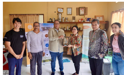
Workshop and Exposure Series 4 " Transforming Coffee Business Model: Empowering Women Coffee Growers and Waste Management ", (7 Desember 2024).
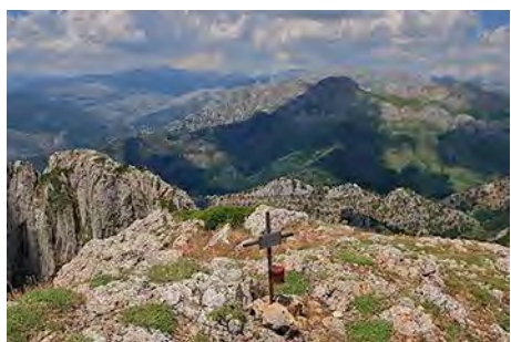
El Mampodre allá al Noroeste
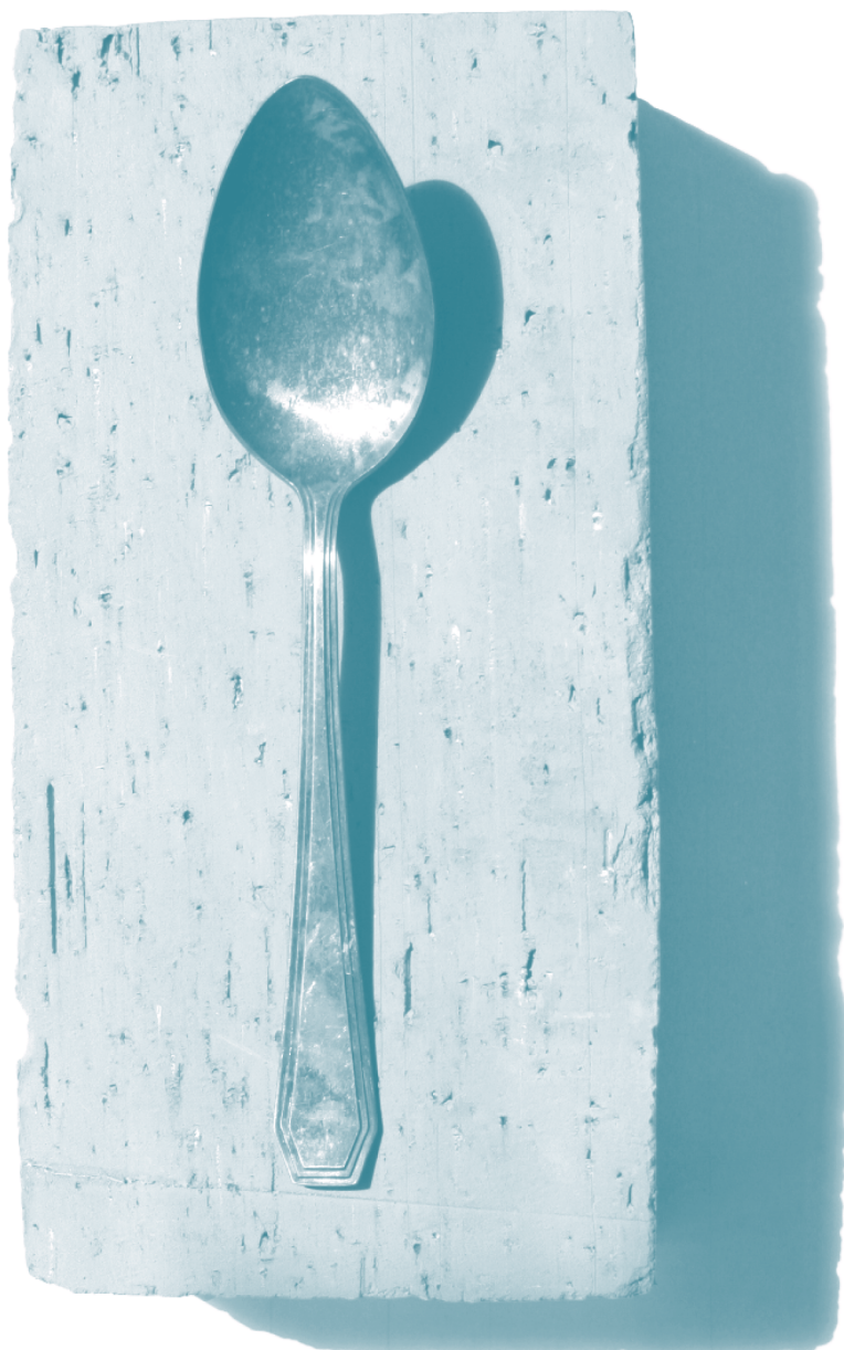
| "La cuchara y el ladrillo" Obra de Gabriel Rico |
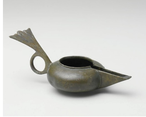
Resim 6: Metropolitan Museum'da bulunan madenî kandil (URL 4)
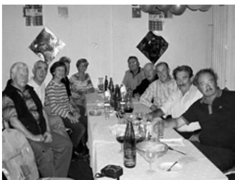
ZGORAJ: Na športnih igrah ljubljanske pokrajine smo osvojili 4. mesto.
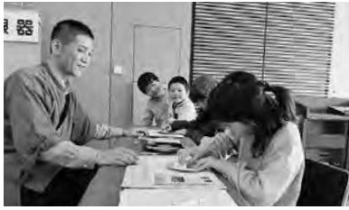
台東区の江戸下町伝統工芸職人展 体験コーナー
---
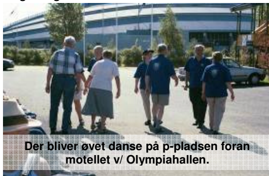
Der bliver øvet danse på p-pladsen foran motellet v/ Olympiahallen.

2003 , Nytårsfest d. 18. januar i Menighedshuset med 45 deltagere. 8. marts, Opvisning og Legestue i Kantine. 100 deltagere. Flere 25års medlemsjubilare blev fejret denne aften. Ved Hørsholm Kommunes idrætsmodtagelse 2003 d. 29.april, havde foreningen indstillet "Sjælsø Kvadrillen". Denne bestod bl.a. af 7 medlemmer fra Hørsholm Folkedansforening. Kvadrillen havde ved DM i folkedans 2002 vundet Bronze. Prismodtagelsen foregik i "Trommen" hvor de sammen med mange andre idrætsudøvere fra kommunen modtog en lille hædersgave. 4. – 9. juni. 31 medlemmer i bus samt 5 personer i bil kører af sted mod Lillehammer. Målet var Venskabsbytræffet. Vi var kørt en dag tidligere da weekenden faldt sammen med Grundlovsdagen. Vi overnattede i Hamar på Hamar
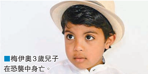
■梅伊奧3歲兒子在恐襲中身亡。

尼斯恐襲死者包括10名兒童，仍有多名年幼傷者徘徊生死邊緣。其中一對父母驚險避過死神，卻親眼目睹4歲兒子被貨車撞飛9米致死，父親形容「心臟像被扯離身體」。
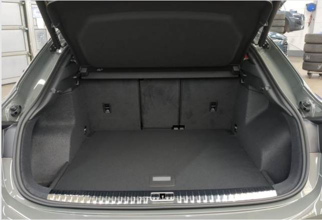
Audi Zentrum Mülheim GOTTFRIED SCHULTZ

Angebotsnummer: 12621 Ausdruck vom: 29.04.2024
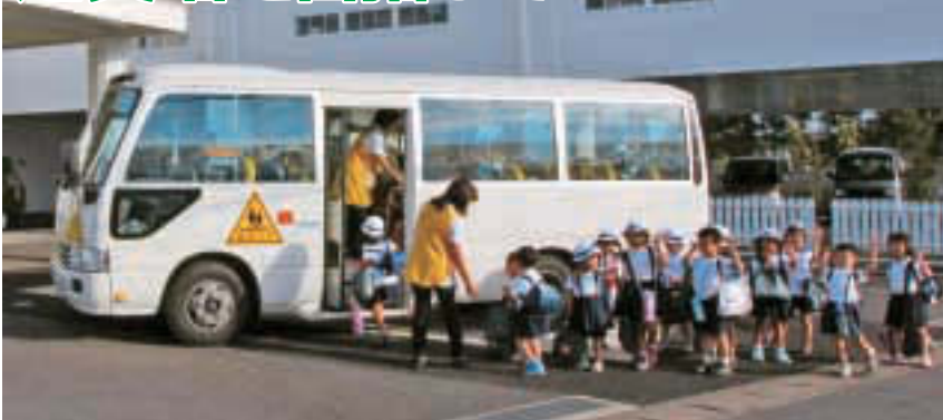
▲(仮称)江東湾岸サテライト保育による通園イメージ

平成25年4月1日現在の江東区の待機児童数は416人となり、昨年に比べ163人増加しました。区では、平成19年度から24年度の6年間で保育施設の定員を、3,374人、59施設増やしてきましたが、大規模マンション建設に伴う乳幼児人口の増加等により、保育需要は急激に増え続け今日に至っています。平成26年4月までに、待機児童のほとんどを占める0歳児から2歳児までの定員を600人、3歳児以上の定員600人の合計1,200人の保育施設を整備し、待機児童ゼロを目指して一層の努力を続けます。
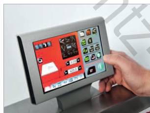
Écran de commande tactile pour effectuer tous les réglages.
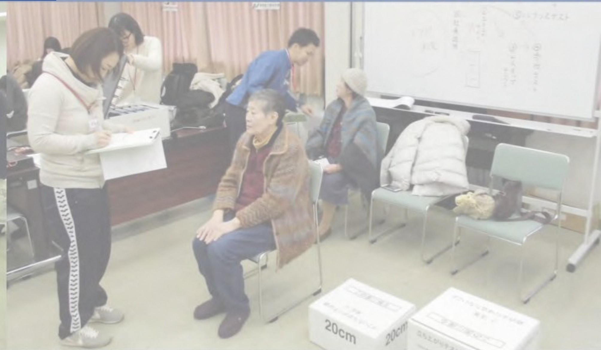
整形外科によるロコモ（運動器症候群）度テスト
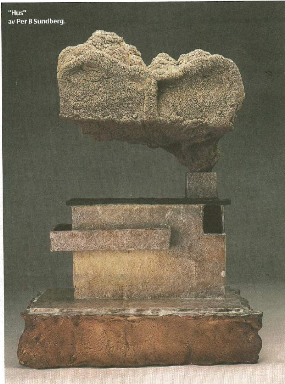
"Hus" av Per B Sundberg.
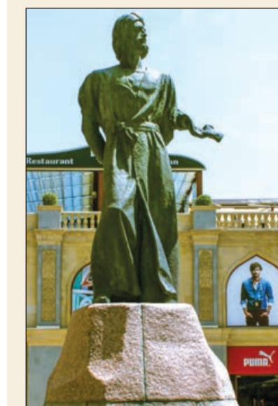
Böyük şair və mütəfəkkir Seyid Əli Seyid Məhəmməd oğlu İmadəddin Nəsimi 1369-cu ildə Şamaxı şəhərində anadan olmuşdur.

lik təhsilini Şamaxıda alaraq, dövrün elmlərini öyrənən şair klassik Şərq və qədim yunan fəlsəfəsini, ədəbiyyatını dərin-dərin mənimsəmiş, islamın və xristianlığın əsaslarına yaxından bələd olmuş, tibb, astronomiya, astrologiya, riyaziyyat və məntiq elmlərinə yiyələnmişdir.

◆ **WHAT TO DO**:
Copy out the lines above with "şair" in them.

◆ **SOLUTION FOR THIS PROBLEM**:
Böyük şair və mütəfəkkir Seyid Əli Seyid Məhəmməd oğlu İmadəddin Nəsimi 1369-cu ildə Şamaxı şəhərində anadan olmuşdur.
lik təhsilini Şamaxıda alaraq, dövrün elmlərini öyrənən şair klassik Şərq və qədim yunan fəlsəfəsini, ədəbiyyatını dərin-dərin mənimsəmiş, islamın və xristianlığın əsaslarına yaxından bələd olmuş, tibb, astronomiya, astrologiya, riyaziyyat və məntiq elmlərinə yiyələnmişdir.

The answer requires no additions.